BEGIN
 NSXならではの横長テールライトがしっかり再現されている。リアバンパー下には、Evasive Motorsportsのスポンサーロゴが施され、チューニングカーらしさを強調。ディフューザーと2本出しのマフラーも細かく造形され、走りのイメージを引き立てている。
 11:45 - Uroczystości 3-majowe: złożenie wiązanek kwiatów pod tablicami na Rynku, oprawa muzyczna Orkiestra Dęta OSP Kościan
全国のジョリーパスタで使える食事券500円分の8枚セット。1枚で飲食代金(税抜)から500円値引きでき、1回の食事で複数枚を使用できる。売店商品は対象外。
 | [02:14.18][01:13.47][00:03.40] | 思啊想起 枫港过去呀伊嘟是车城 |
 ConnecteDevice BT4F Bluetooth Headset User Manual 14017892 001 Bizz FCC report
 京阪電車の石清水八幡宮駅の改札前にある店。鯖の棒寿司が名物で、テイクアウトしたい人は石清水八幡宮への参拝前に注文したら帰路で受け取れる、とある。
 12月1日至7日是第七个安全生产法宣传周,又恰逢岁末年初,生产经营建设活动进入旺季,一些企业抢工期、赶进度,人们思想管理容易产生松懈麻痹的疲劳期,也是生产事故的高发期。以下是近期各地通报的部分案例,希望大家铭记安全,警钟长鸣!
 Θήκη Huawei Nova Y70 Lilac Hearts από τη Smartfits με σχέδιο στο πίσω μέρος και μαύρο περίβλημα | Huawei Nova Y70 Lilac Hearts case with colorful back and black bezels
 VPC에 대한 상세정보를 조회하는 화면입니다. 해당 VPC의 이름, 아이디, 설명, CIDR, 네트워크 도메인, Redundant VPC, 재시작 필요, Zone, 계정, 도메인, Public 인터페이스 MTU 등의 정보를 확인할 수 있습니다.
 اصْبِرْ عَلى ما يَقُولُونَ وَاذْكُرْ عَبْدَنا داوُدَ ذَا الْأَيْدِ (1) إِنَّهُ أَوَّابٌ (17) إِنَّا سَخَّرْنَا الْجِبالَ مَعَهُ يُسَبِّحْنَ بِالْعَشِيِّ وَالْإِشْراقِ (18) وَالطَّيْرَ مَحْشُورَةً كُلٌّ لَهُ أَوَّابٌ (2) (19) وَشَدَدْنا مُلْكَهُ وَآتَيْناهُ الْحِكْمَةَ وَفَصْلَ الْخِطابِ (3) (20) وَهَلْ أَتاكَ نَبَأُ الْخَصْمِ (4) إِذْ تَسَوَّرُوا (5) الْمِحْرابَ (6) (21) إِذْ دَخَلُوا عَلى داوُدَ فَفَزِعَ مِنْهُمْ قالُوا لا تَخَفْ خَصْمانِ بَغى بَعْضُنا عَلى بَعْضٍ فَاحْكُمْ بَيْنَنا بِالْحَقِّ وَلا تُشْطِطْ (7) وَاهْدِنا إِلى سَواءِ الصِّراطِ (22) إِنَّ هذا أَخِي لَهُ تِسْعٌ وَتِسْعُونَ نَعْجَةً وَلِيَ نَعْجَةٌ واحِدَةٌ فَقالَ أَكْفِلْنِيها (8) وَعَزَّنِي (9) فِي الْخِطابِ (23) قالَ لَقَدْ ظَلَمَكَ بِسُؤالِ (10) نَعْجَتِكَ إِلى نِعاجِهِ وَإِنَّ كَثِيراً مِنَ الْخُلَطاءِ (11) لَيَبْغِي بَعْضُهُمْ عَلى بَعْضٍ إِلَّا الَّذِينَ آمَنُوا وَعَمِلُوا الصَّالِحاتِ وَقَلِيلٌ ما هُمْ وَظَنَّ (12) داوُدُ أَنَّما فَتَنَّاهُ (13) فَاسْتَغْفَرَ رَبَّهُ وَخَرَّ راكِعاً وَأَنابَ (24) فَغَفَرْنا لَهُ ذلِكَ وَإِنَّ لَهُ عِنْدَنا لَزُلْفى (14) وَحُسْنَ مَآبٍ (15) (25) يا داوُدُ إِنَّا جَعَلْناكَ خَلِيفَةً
END
▶ **AIM OF THE EXERCISE**:
Look above for the line containing "12月1日至7日是第七个安全". Output from there through the line containing "VPC에 대한 상세정보를", exactly and inclusively.

▶ **YOUR RESPONSE**:
 12月1日至7日是第七个安全生产法宣传周,又恰逢岁末年初,生产经营建设活动进入旺季,一些企业抢工期、赶进度,人们思想管理容易产生松懈麻痹的疲劳期,也是生产事故的高发期。以下是近期各地通报的部分案例,希望大家铭记安全,警钟长鸣!
 Θήκη Huawei Nova Y70 Lilac Hearts από τη Smartfits με σχέδιο στο πίσω μέρος και μαύρο περίβλημα | Huawei Nova Y70 Lilac Hearts case with colorful back and black bezels
 VPC에 대한 상세정보를 조회하는 화면입니다. 해당 VPC의 이름, 아이디, 설명, CIDR, 네트워크 도메인, Redundant VPC, 재시작 필요, Zone, 계정, 도메인, Public 인터페이스 MTU 등의 정보를 확인할 수 있습니다.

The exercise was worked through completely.